> [REQUIREMENT]:
With the pictures omitted, repeat exactly the lines below starting with the line that has "予めご了承くださいませベスト風ウールワンピース 黒薄手ニット付きレディース ワンピース" and going on through the line that has "Yayasan AHM Sukses".

[Collection entries]
╔══
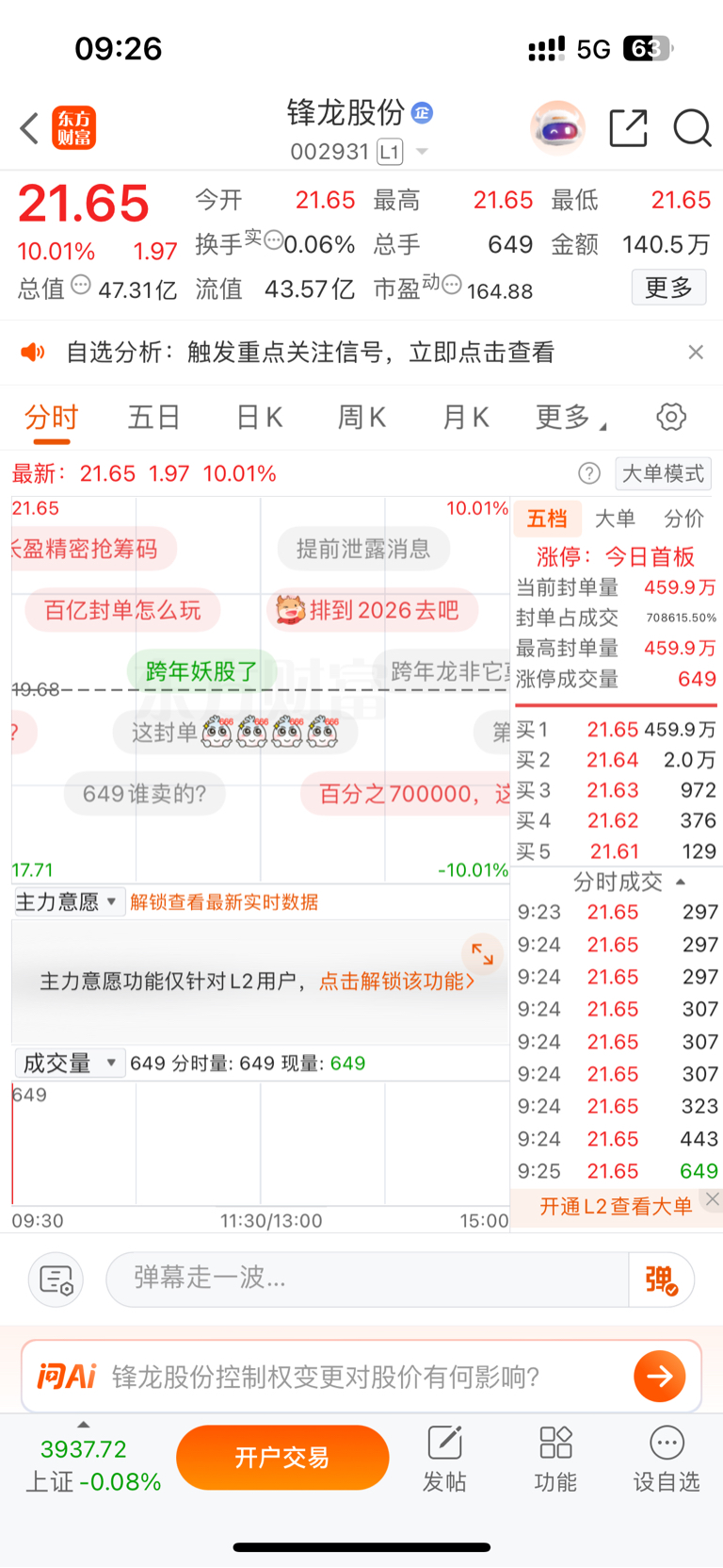 80亿封单。
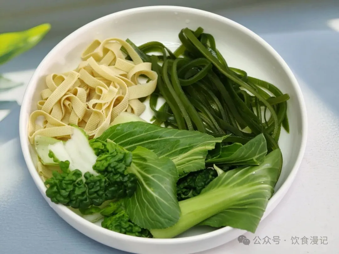 10、自己喜欢吃的各种配菜(通常有小青菜、豆腐皮、海带丝)清洗干净。
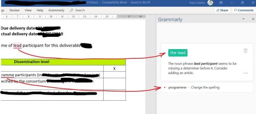 Once the plug-in is installed, a specific Grammarly voice in the menu will be available and, when requested, a window on the right will show the detected errors andd several Grammarly options will be avaìilable on the top menu:
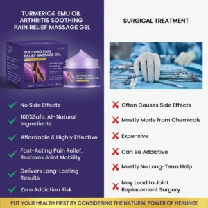 Formulated with natural anti-inflammatory ingredients like organic turmeric and pure emu oil, this gel penetrates deeply to reduce inflammation, lubricate joints, and promote long-term healing. Clinically proven and easy to use, it’s the ultimate solution for arthritis sufferers seeking quick relief and lasting recovery.
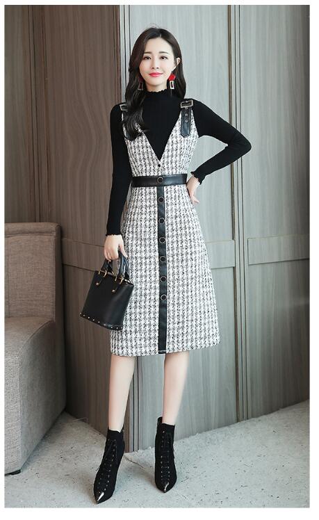 予めご了承くださいませベスト風ウールワンピース 黒薄手ニット付きレディース ワンピース 繋ぎ およばれ 正統派 純情派 膝下丈 細身効果 脚長効果韓国風 通勤 デート \\活躍シーンいっぱい// 3
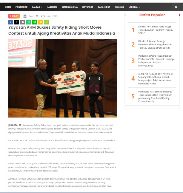 Yayasan AHM Sukses Safety Riding Short Movie Contest untuk Ajang Kreativitas Anak Muda Indonesia by masmul 14 Oktober 2025 in Silahkan kunjungi https://www.suarapemredkalbar.com/read/potret/14102025/yayasan-ahm-sukses-safety-riding-short-movie-contest-untuk-ajang-kreativitas-anak-muda-indonesia. You Might Like Regional Public Launching New ADV160 The SUV Pride Grand Launching New PCX 160 Truly Exceptional! Tetap hati-hati ya bro sist berkendara saat hujan.
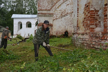 15 июля 2020 года в восстанавливаемом Михайло-Архангельском мужском монастыре Великого Устюга прошел трудовой десант.
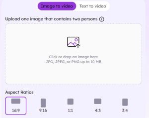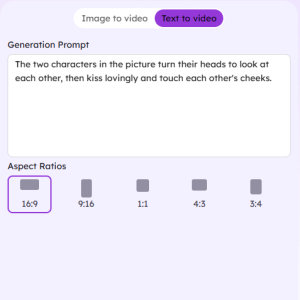 • Personnaliser :Ajustez les paramètres tels que le rapport hauteur/largeur (16:9, 9:16, 1:1, etc.), la qualité vidéo (720p) et la durée (5 secondes).
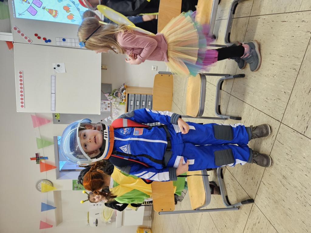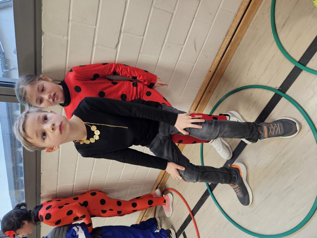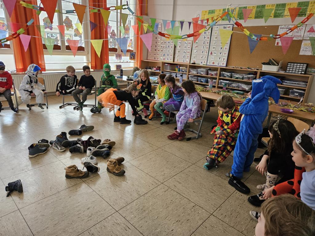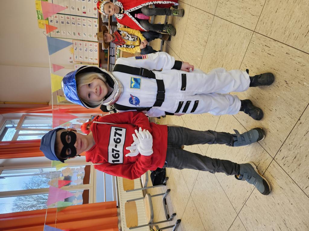 Bunt und lustig ging es heute, an Weiberfastnacht zu. Die Schultaschen blieben an diesem Tag zu Hause. Statt dessen kamen alle verkleidet in die Schule. Viele tolle Kostüme konnten wir entdecken.
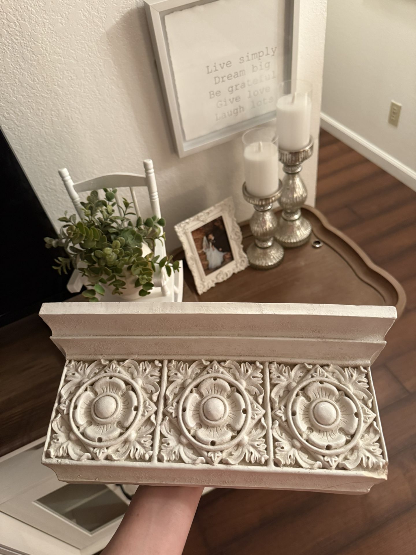 It has a small chip in the corner as seen in picture but it’s not very noticeable
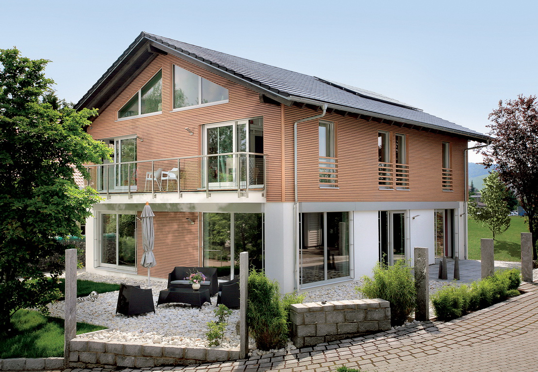Європейські заводи по виробництву збірних будинків мають великий досвід роботи з дизайн-студіями, які добре розбираються в сучасних тенденціях дизайну. В останні роки все більше замовників вибирають максимальну кількість натуральних матеріалів для фінішної обробки, таких як дерево, бо дерево є найважливішим будівельним матеріалом у виробництві збірних будинків, екологічним, теплим і поновлюваним природним матеріалом.
╚══
> [WRITTEN RESPONSE]:
 予めご了承くださいませベスト風ウールワンピース 黒薄手ニット付きレディース ワンピース 繋ぎ およばれ 正統派 純情派 膝下丈 細身効果 脚長効果韓国風 通勤 デート \\活躍シーンいっぱい// 3
 Yayasan AHM Sukses Safety Riding Short Movie Contest untuk Ajang Kreativitas Anak Muda Indonesia by masmul 14 Oktober 2025 in Silahkan kunjungi https://www.suarapemredkalbar.com/read/potret/14102025/yayasan-ahm-sukses-safety-riding-short-movie-contest-untuk-ajang-kreativitas-anak-muda-indonesia. You Might Like Regional Public Launching New ADV160 The SUV Pride Grand Launching New PCX 160 Truly Exceptional! Tetap hati-hati ya bro sist berkendara saat hujan.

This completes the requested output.